[THE PROBLEM]
Write out the listing from the line with "MomentWill 10k Gold" to the line with "Gustosa crema realizzata", both lines included, exactly and nothing beyond. Leave pictures out.

[DATA FOR THIS EXERCISE]
++++
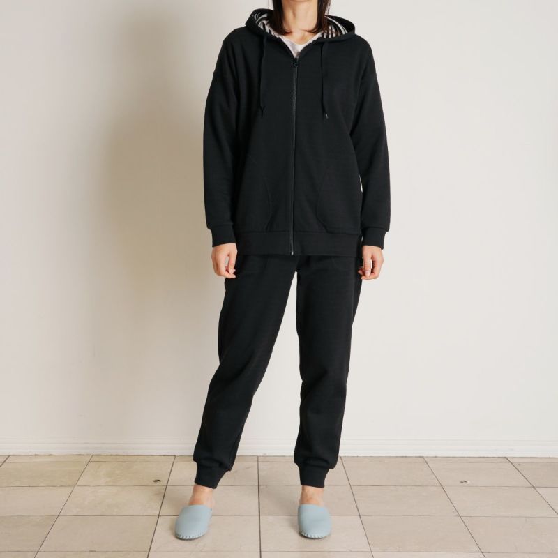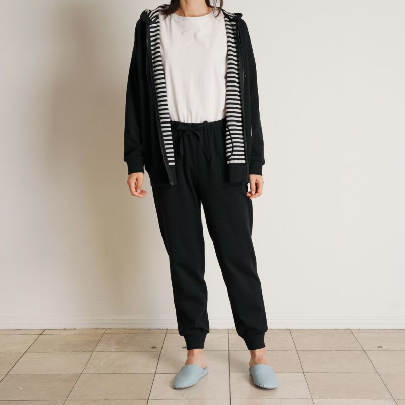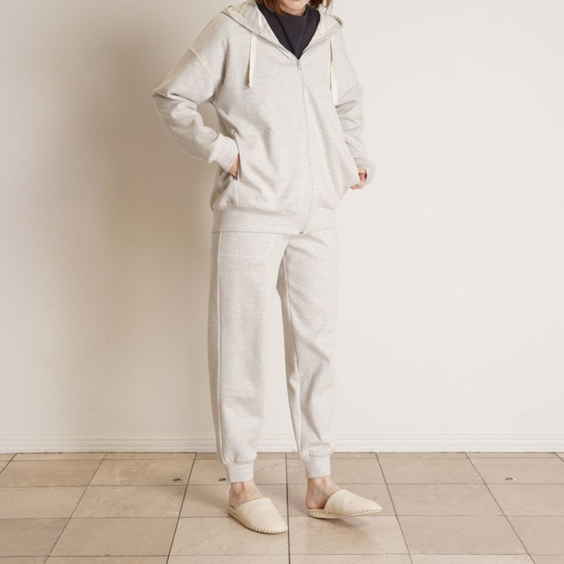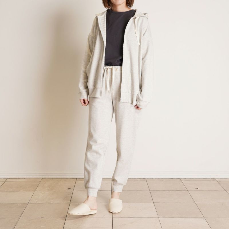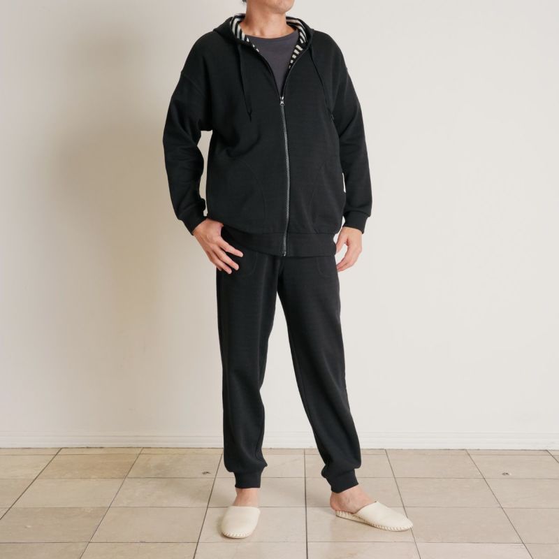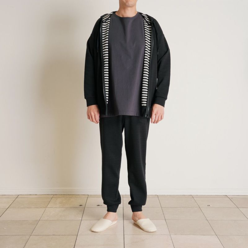 肌にあたる部分はコットンの新素材のダンボールニットシリーズ。二枚の生地を中糸で繋いだ二層構造にし中空構造のため見た目よりも軽く、適度なハリ感と着心地の良さが特徴です。ベーシックで着まわしやすいデザインとブラックとグレーのどんなアイテムともあわせやすい色展開。
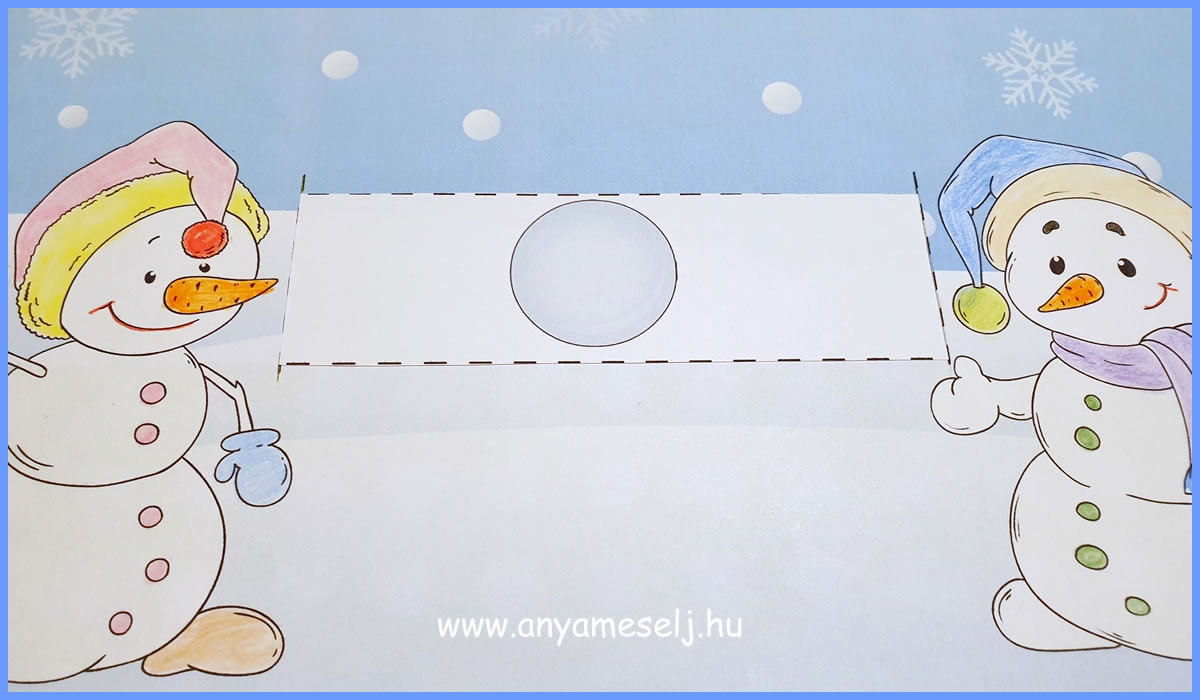 Vágd ki a hógolyócsíkot is és fűzd be a két szaggatott vonal közé.
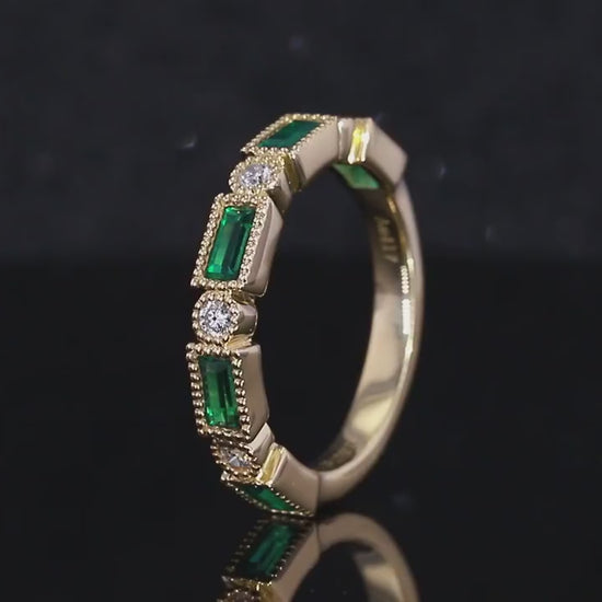 MomentWill 10k Gold Green Emerald Ring Half Eternity Jewelry Women Wedding Rings
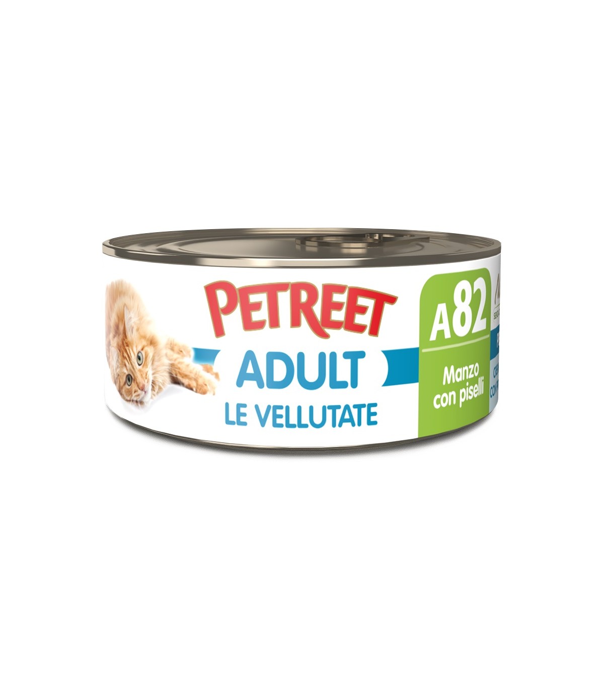 Gustosa crema realizzata con pregiata carne di manzo e piselli, ideale anche per gatti con problemi di masticazione.
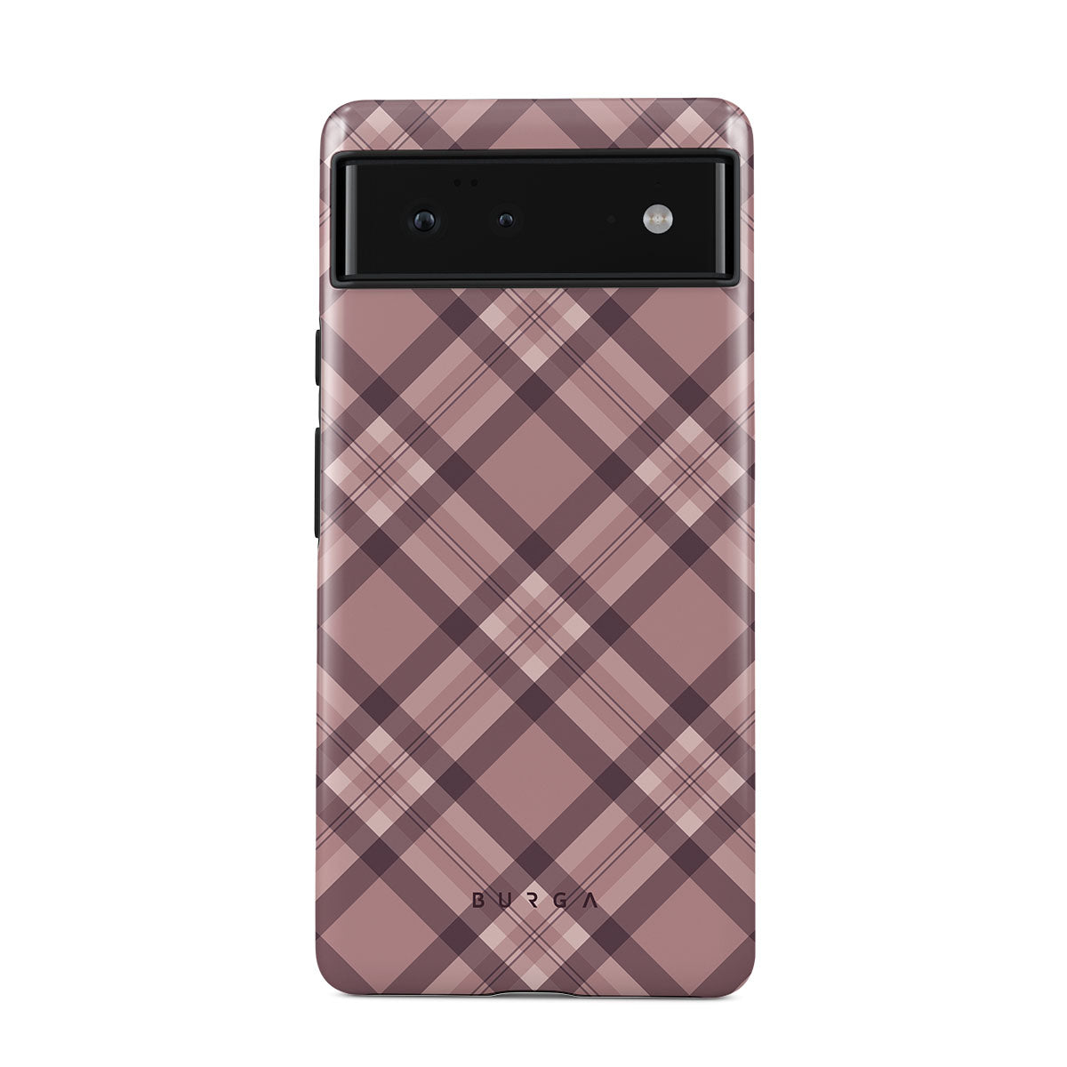 Made for those who hustle hard and look sharp. Our ASAP Google Pixel 6a phone case design features a sleek rosé-gray background with diagonal plaid in soft grey and deep pink—mixing modern flair with understated elegance. For the pros who know that style and speed go hand-in-hand.
++++
[WORKED SOLUTION]
 MomentWill 10k Gold Green Emerald Ring Half Eternity Jewelry Women Wedding Rings
 Gustosa crema realizzata con pregiata carne di manzo e piselli, ideale anche per gatti con problemi di masticazione.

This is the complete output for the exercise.